The motor timer is yet another mystery. I'm quite sure it's said LFSR. Here is a bit of theory and my line of reasoning:

* binary counters are very expensive to implement in that NMOS technology, in terms of area and transistor count. LFSR based counters are the most efficient. Just as a fun sidenote, those of you who had the LED version of the Texas Instruments TI-30 calculator of the 1970s and marveled at the nice 'spinning' digit while it was calculating transcendental functions, you now know why: the program counter of that very primitive CPU was based on a LFSR and did double duty to drive the segments of the display.

* The IWM has an internal CLK which is FCLK/2, so we can assume the designers of the IWM used that, to shorten the LFSR by one bit.

* I ran some experiments after IWM power up and found that the motor timer would produce inconsistent delays (in terms of FCLK count) unless the motor control bit (L4) was set for more than a certain number of clock cycles (did not explore the exact threshold yet). The most logical explanation for this is that a set L4 just shifts '1's into the LFSR, to initialize it. Once the L4 gets cleared, the LFSR goes through its pseudorandom sequence until it reaches a value where some logic detects an end value. This then would be interpreted as a motor timer who has run out, and the motor would be turned off (unless the IWM is configured with motor timer disabled).

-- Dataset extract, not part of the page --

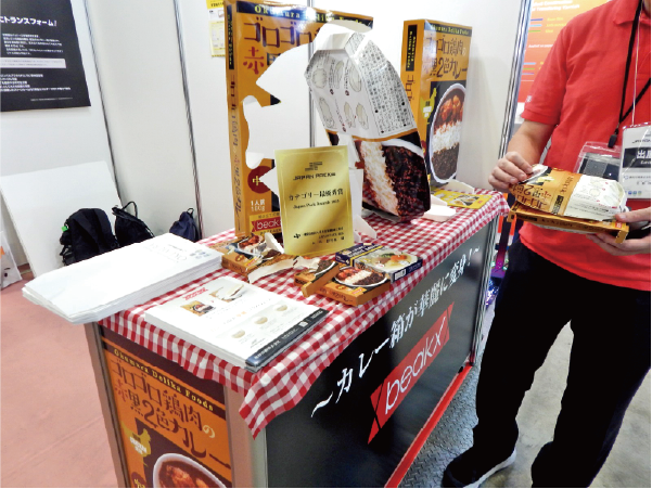 食品・飲料メーカー向けラベル・包装資材、ラベラー機を出展し、製品の付加価値向上や現場の課題解決を支援することを訴求。パッケージについては、デザインから製造までワンストップで提供することをアピールし、オリジナル制作の相談・依頼を受けていた。

* There is evidence for this logic on the shift register. If you look at the IWM die photo at a magnification you can see that the (alleged) shift register has two horizontal parallel metal lines carrying the internally generated non-overlapping clock phases (PHI1, PHI2, typical for dynamic NMOS logic of the time) but there also are two further horizontal parallel metal lines which form two NOR gates with many inputs, coming out of the shift register. Here is an annotated snip of the die photo: (please note that I did not look to long at it, so take this with a grain of salt)

IWM_shifter.JPG

Shift register like structure in the IWM

The "L" I drew in red is a poly line which forms a gate of a NMOS transistor, the source being grounded (the GND ? means "tentative") and the drain going to the summing metal line of one of the NORs. The usual depletion load transistor to pull up the line (and complete the NOR) is elsewhere.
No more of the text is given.